Cattleya orchids are ones of the most beautiful plants – they have large and fragrant flowers. Some of them are floral emblems of countries – Cattleya trianae is a national flower of Colombia, Cattleya mossiae is a floral emblem of Venezuela. Cattleya orchids come in different colors, with most common – purple, lilac, white, red, yellow, orange, brown and there are rare blue varieties. Cattleya species (and its relatives – Brassavola, Laelia and Sophronitis, which are widely used in Cattleya intergeneric hybridization) all comes from Americas – mostly from Southern America.
Types of Cattleyas
They are epiphytes and lithophytes and grow in dry conditions. Some species even grow on cacti. They can be divided into unifoliate or one-leaved and bifoliate or two-leaved species. The species of the first group usually have few large, showy and fragrant flowers (Cattleya labiatae group – Cattleya dowiana, Cattleya gaskelliana, Cattleya labiata, Cattleya lawrenceana, Cattleya lueddemanniana, Cattleya maxima, Cattleya mossiae, Cattleya percivaliana, Cattleya rex, Cattleya schroederae, Cattleya trianae, Cattleya warneri and Cattleya warscewiczii). Bifoliate Cattleya species have smaller flowers (but at greater number – up to fifteen). All Cattleyas are sympodial orchids with pseudobulbs, one pseudobulb flowers only one time.
How to grow Cattleyas
Cattleyas require high light levels – 2000 to 3000 foot candles. Unifoliate Cattleyas require more sun than bifoliate Cattleyas species. A potting mixture should be well-drained without components with high water capacity – no sphagnum, cocoa chips, and peat moss. The Only medium of large bark, epi web and other material with low water capacity should be used. The substrate should dry out between watering. Unifoliate Cattleya have very clearly visible growth periods. The first period is active growth when new growth on rhizome is clearly visible.

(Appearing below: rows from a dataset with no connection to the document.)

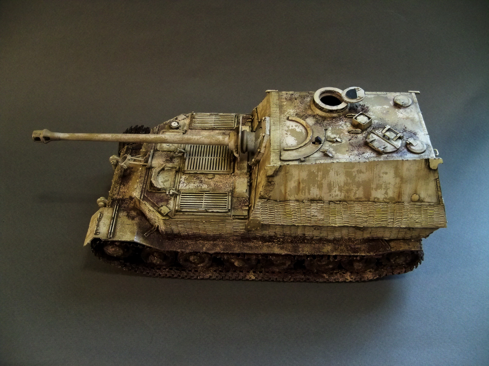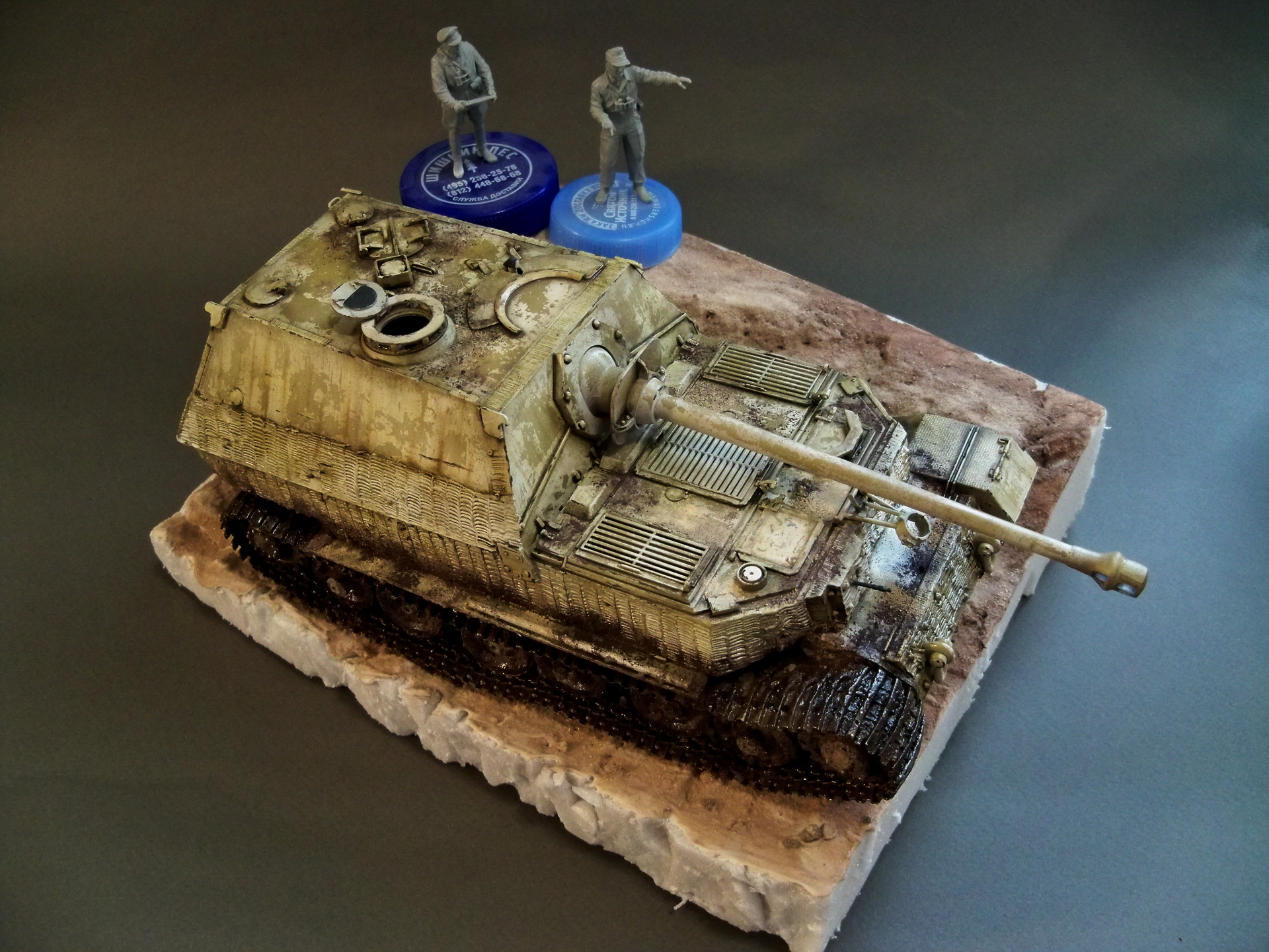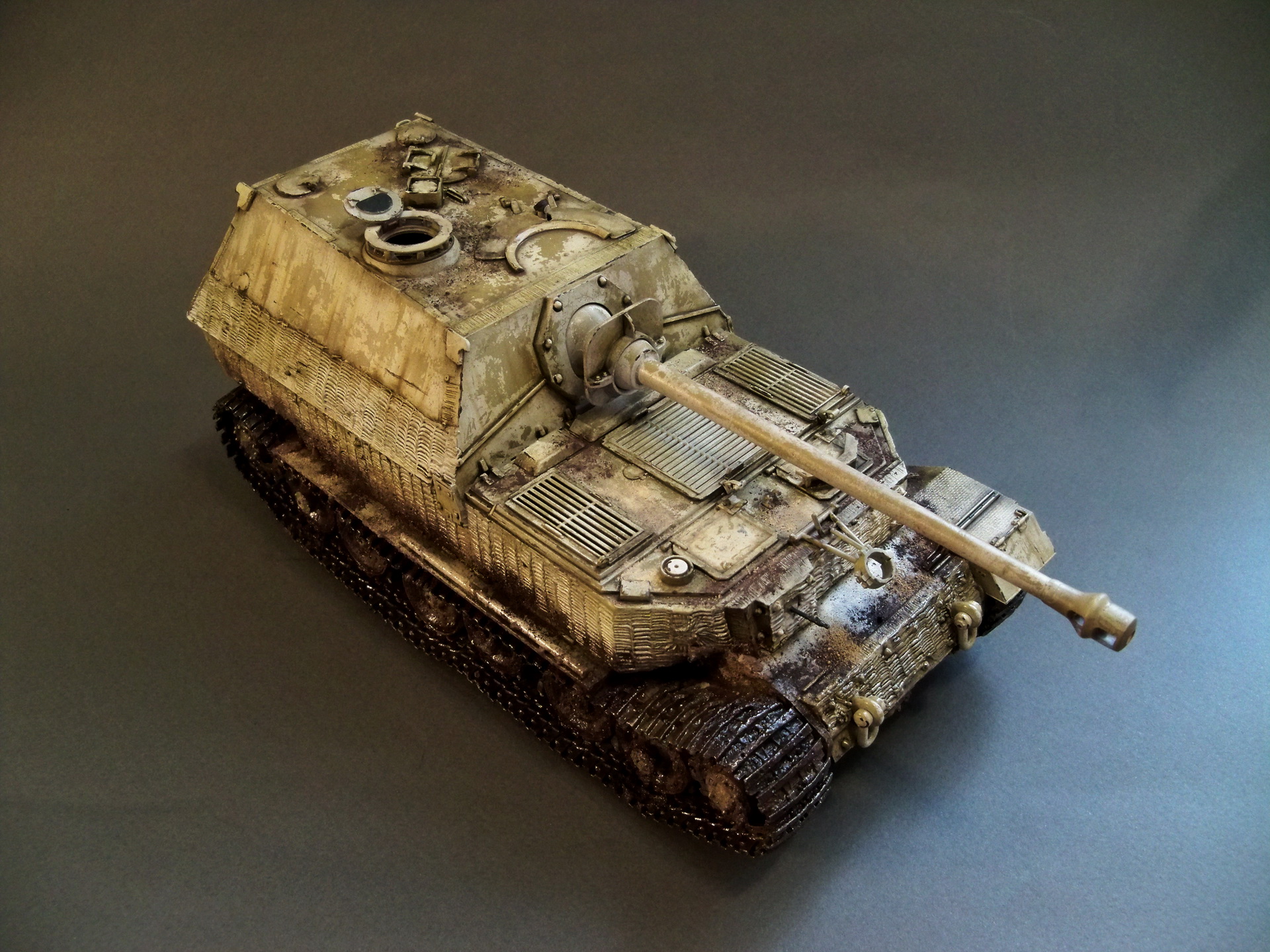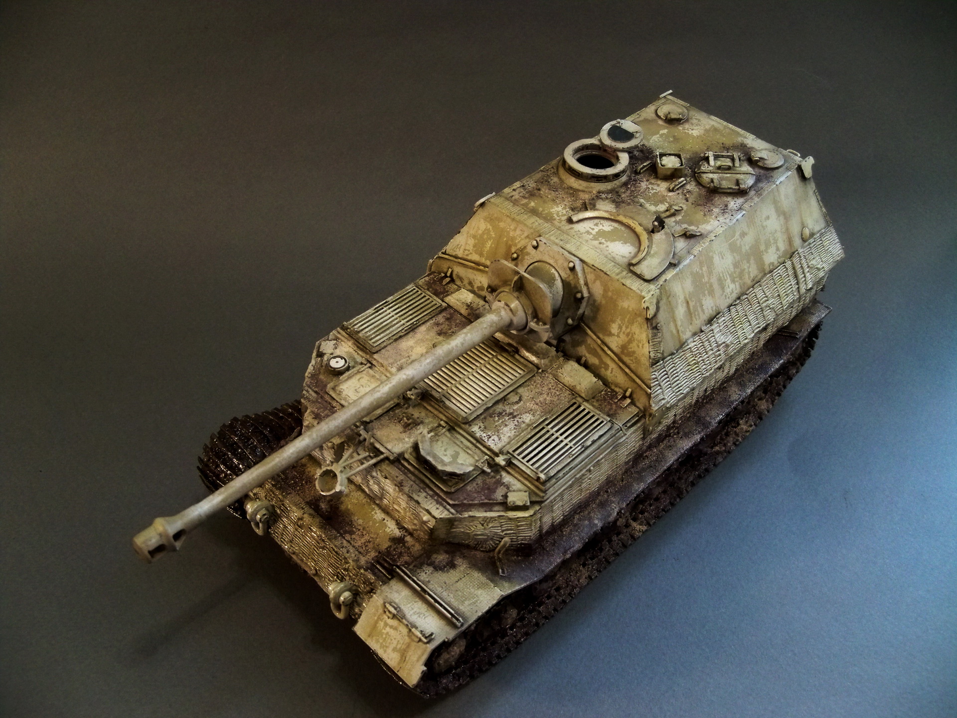 Модель без привязки ,просто элефант ,просто собран для отдыха :) Была задача попробовать сделать очень грязную зимнюю модель .Из дополнений только траки от хобби босс.В дальнейшем модель обзаведется подставкой ,пока готова только заготовка .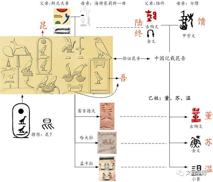 记载世系对比,再用名字进行比对,形成二重交叉验证,可以得到准确的科学定论。从世系记载看,胡夫的父亲斯尼夫鲁名字是“陆终”【11】,胡夫的母亲海特裴莉斯一世名字是“馈”【12】,胡夫三位继任者名字依次对应,雷吉德夫名字是“董”【13】,哈夫拉名字是“苏”【14】,孟卡拉名字是“温”。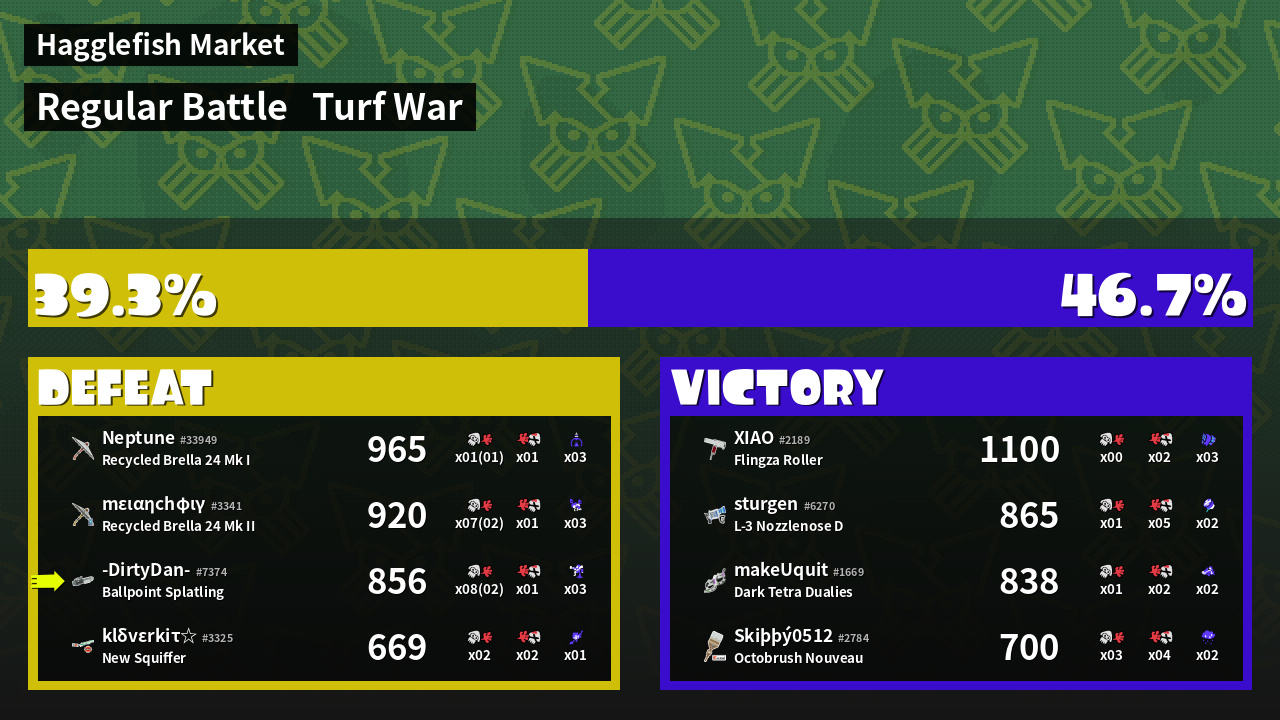 | Mode | Turf War - Regular Battle | ||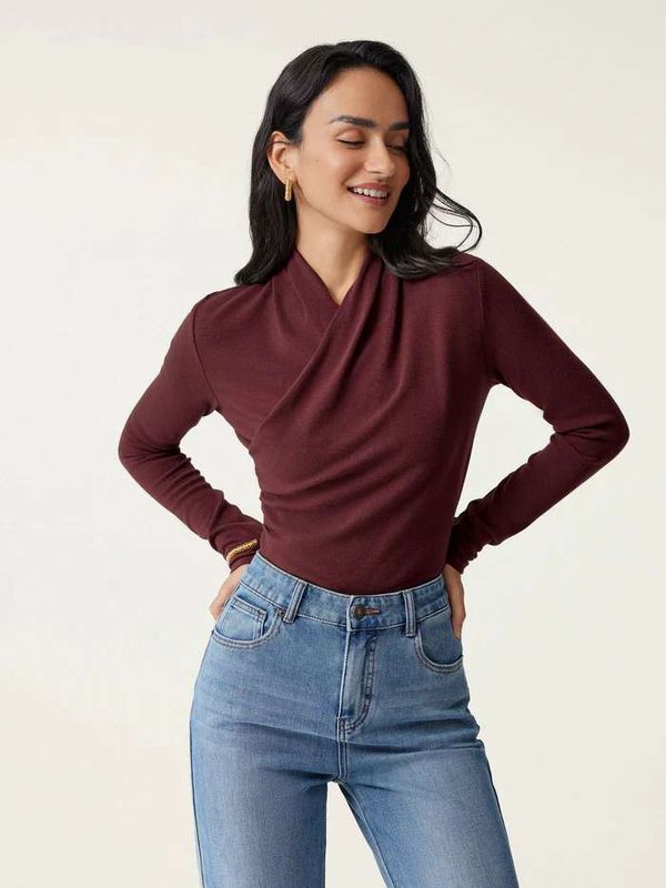 Dieses Eco-Mousse® Crossover-Langarmtop mit Rüschen ist eine schicke Wahl für jeden Tag. Der drapierte Ausschnitt umrahmt elegant das Gesicht und die figurbetonten, gerüschten Seitennähte betonen die Silhouette. Dank der leichten Thermoqualität ist es ideal für kühle Herbst- und Wintertage und die Langarm-Silhouette erleichtert das Outfit. Einfach eine Jeans dazu und schon ist es fertig.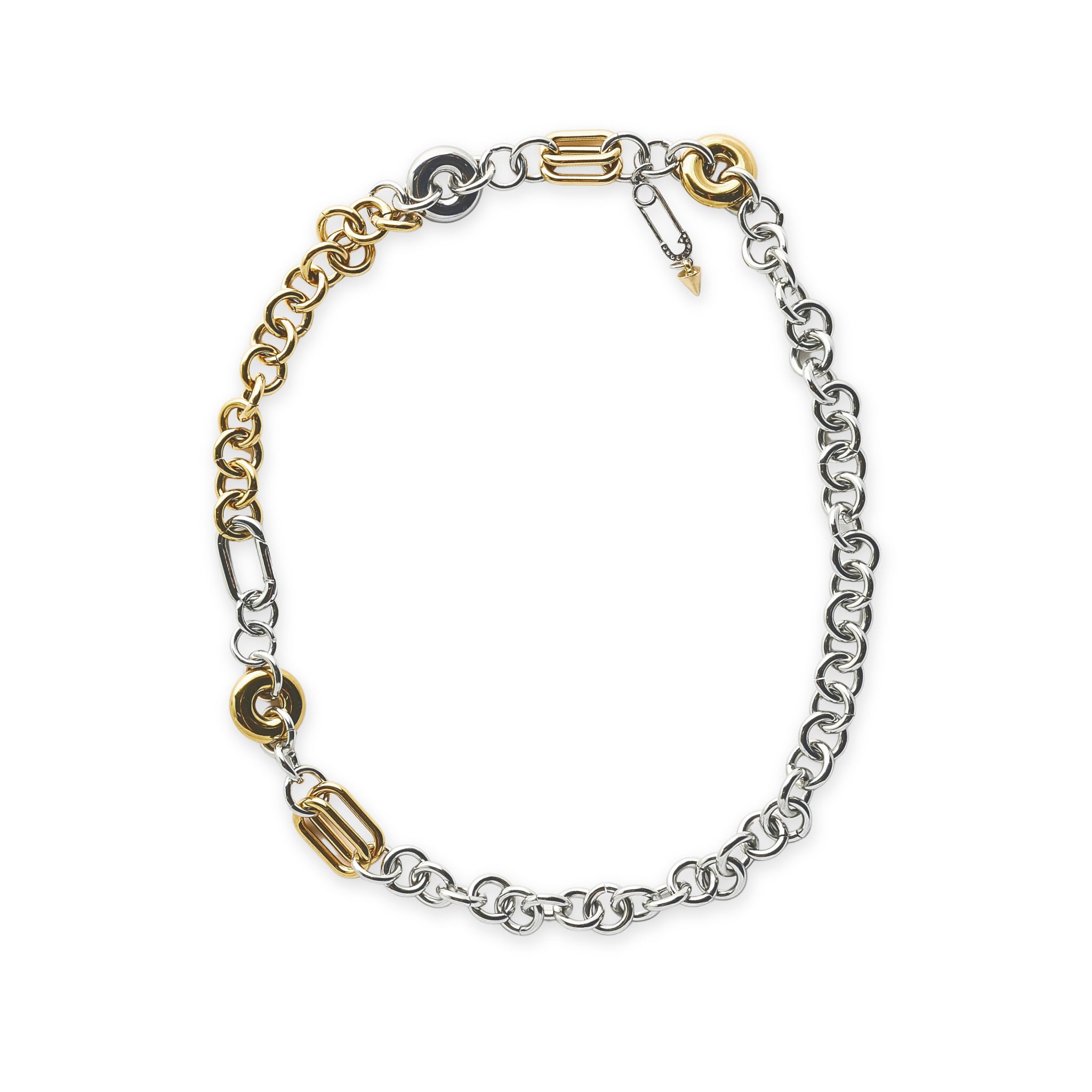 Su diseño combina cadenas de acero inoxidable en distintos grosores y tonalidades —plateado y baño dorado 18k— creando un equilibrio entre lo rebelde y lo refinado.

At this time you should carefully increase watering and start using fertilizers with high nitrogen content. When new pseudobulb is formed and start becoming juicy, you should switch to fertilizers with high phosphorus and potassium content to stimulate buds formation. When the sheath is visible, you should slightly reduce watering and stop using fertilizers, as it can trigger new (and weaker) growth instead of buds formation. Then Cattleya blooms, and it is a good idea to slightly increase watering. After flowering, when plant became dormant, you should reduce watering to a minimal level (pseudobulbs can shiver slightly, but it’s OK) and wait for the next growth period, then the cycle starts again. Some unifoliate species of Cattleya have two dormancy periods. The first period begins before flowering, after a sheet is formed, and another one is after flowering. You should know that any watering or applied fertilizer at a wrong time (at dormancy, or at blossoms formation) could not only disrupt the buds formation, but also could cause root rot and plant death.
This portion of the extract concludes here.